» THE DATA:
== Segment start ==

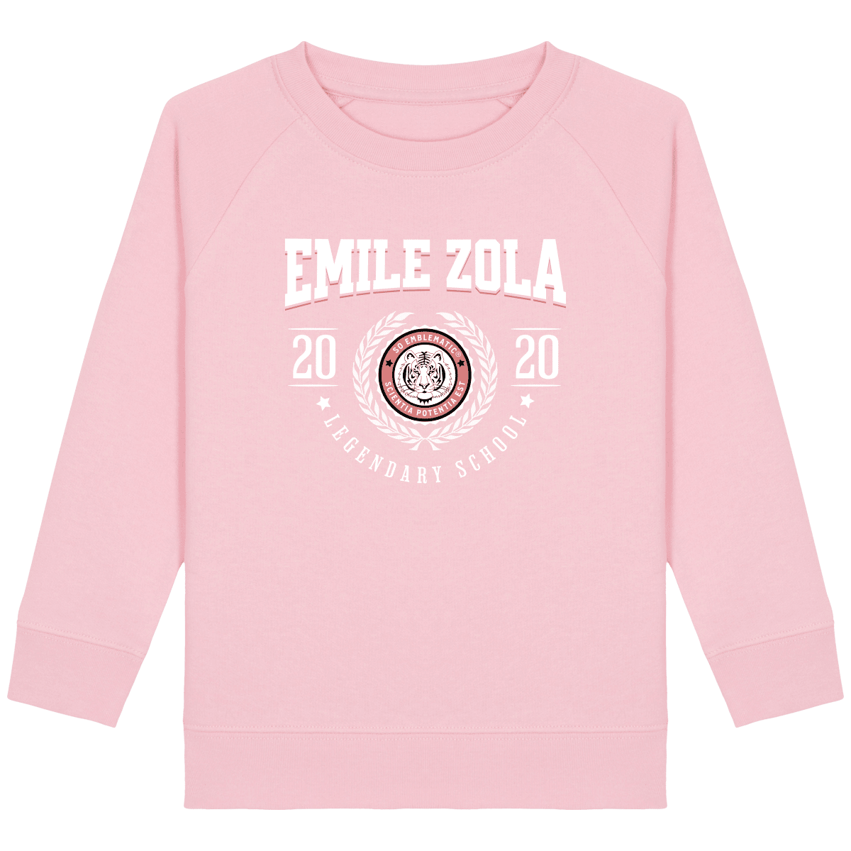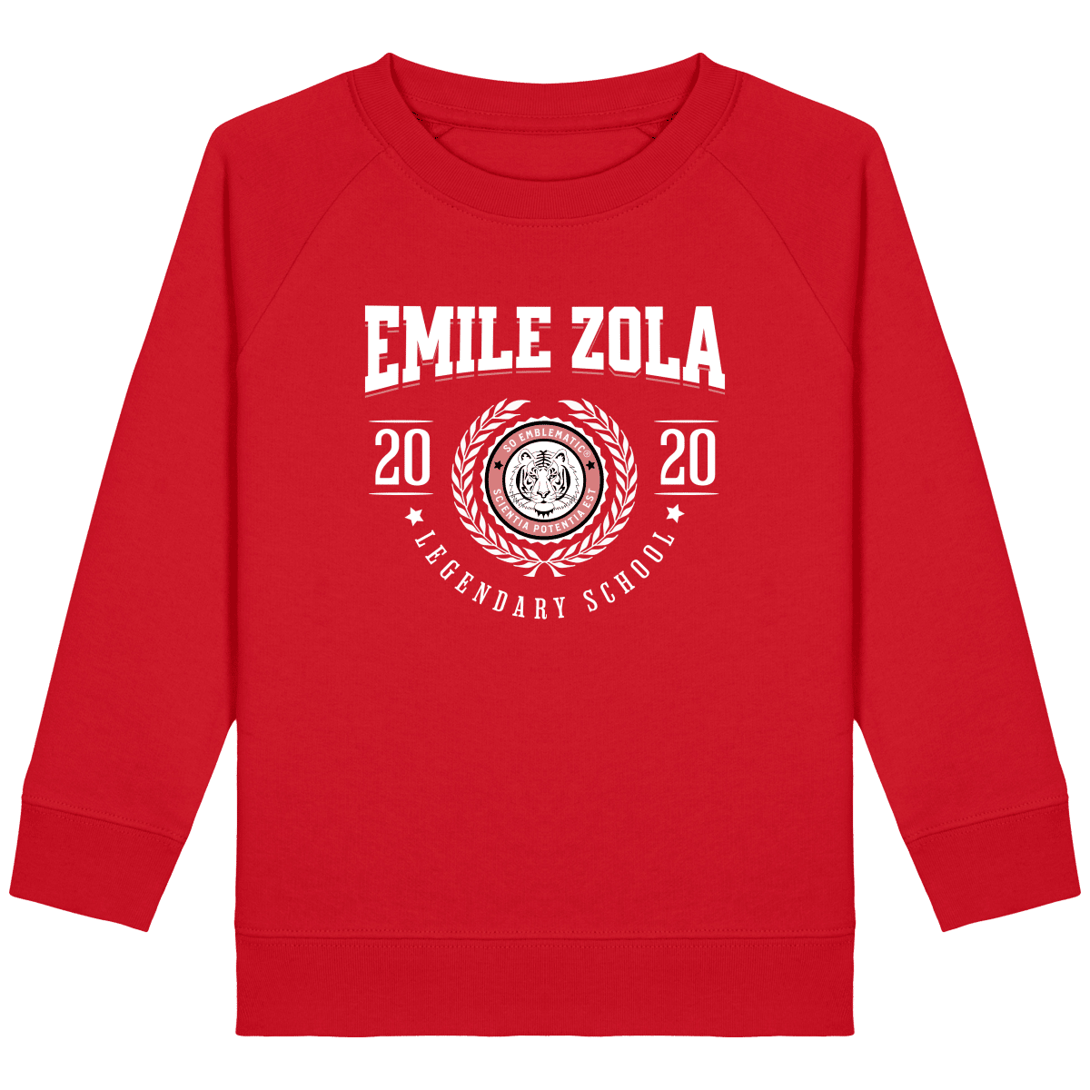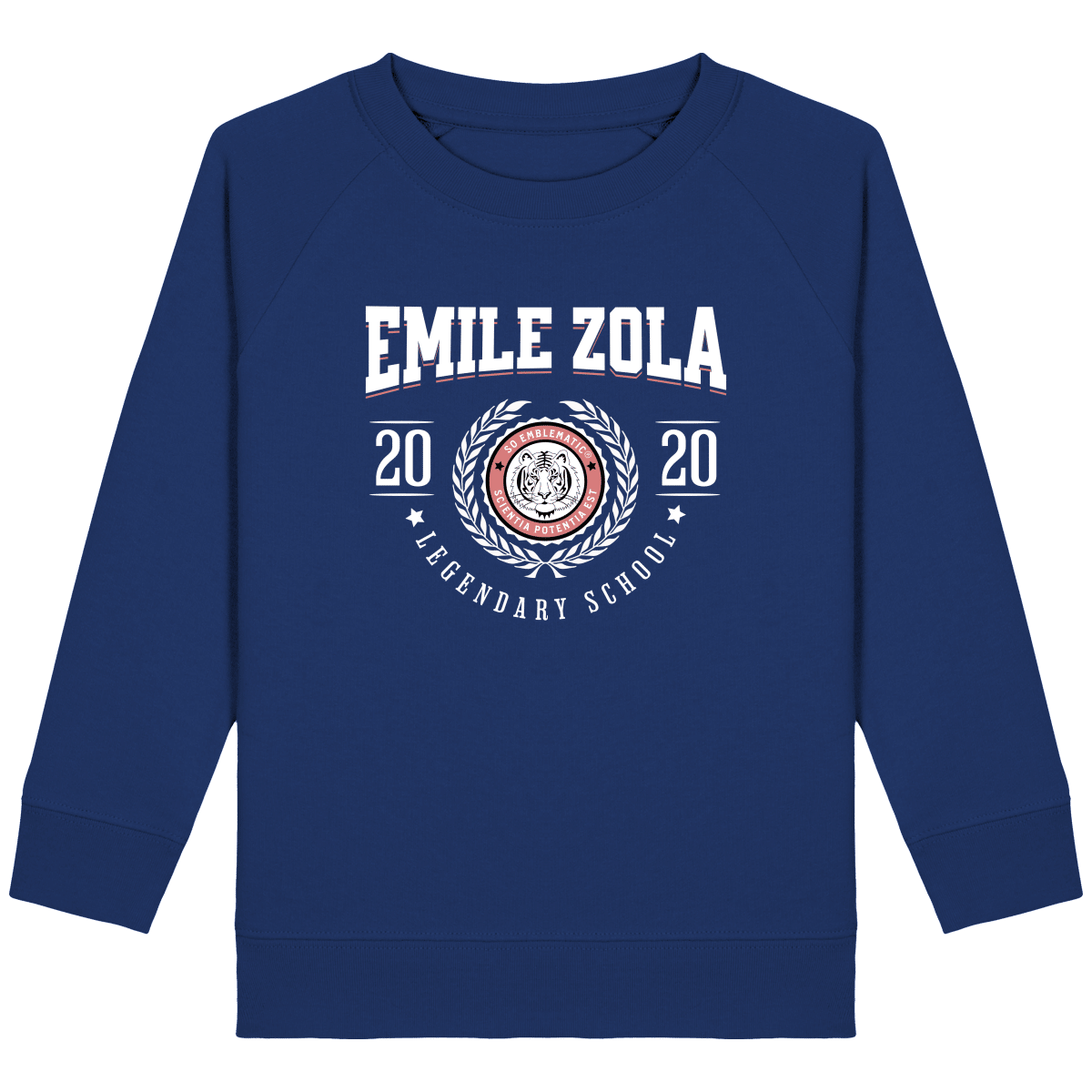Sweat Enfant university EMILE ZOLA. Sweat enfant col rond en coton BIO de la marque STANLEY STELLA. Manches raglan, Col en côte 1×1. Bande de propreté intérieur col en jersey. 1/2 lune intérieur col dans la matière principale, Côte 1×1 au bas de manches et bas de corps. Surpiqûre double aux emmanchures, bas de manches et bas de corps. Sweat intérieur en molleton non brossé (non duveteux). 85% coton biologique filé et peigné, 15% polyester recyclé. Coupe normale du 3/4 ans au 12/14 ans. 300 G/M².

== Segment end ==
== Segment start ==

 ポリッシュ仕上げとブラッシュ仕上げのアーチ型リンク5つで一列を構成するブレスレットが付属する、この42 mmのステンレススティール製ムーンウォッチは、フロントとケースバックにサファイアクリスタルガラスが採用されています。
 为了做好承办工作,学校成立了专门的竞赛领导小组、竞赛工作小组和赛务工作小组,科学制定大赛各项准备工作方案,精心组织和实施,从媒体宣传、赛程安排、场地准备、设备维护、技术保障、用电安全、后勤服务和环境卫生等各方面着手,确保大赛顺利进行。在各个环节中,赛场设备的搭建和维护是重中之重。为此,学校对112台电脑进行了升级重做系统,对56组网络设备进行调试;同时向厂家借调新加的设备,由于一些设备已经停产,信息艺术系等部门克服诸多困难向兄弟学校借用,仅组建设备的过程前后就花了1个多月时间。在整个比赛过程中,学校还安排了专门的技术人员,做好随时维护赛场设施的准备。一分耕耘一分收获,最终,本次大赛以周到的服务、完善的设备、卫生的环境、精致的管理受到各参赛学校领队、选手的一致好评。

== Segment end ==
== Segment start ==

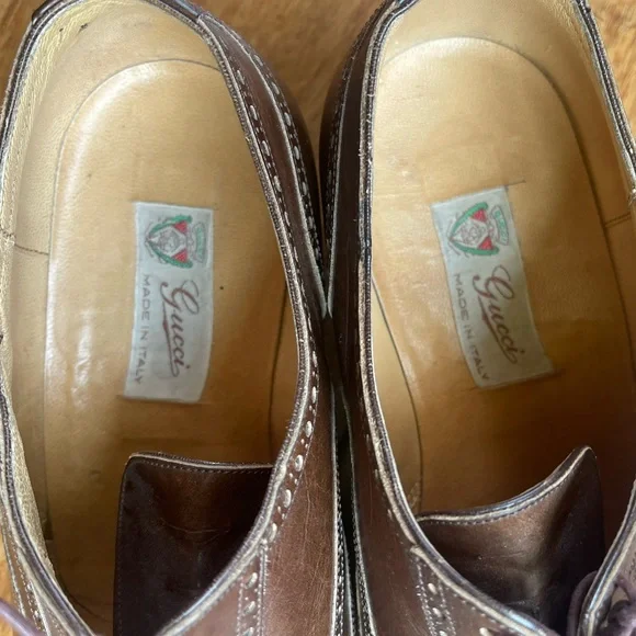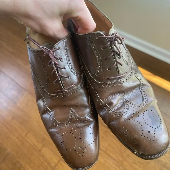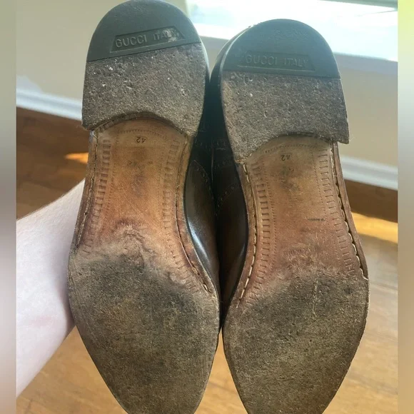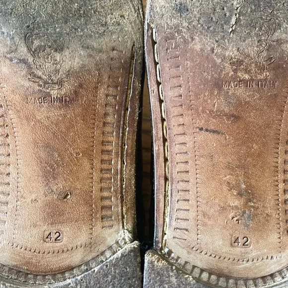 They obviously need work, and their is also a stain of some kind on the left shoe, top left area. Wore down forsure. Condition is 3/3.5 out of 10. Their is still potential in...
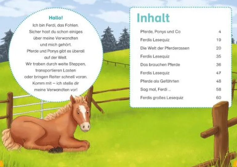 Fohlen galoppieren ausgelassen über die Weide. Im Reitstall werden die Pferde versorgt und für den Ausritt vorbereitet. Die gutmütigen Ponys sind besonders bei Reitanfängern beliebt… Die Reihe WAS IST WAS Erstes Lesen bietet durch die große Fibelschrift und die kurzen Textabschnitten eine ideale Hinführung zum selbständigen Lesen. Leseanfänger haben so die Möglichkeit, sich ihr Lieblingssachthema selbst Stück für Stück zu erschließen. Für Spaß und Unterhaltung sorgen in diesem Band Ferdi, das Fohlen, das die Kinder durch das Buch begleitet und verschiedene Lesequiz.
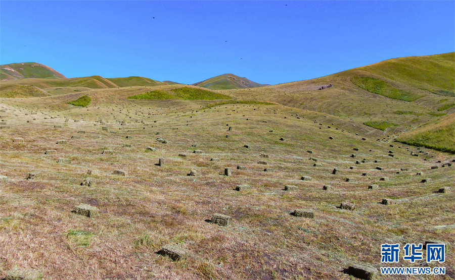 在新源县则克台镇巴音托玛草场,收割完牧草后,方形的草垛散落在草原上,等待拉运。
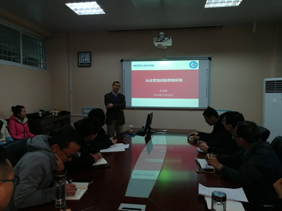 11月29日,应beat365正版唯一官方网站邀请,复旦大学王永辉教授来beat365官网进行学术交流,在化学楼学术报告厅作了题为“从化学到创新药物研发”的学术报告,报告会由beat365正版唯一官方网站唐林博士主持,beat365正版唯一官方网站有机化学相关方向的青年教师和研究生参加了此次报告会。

== Segment end ==

» AIM OF THE EXERCISE: Would you print exactly the lines in the listing above, from the line bearing "They obviously need" through the line bearing "Fohlen galoppieren ausgelassen", leaving out all pictures?

» SOLUTION TO THIS TASK:
 They obviously need work, and their is also a stain of some kind on the left shoe, top left area. Wore down forsure. Condition is 3/3.5 out of 10. Their is still potential in...
 Fohlen galoppieren ausgelassen über die Weide. Im Reitstall werden die Pferde versorgt und für den Ausritt vorbereitet. Die gutmütigen Ponys sind besonders bei Reitanfängern beliebt… Die Reihe WAS IST WAS Erstes Lesen bietet durch die große Fibelschrift und die kurzen Textabschnitten eine ideale Hinführung zum selbständigen Lesen. Leseanfänger haben so die Möglichkeit, sich ihr Lieblingssachthema selbst Stück für Stück zu erschließen. Für Spaß und Unterhaltung sorgen in diesem Band Ferdi, das Fohlen, das die Kinder durch das Buch begleitet und verschiedene Lesequiz.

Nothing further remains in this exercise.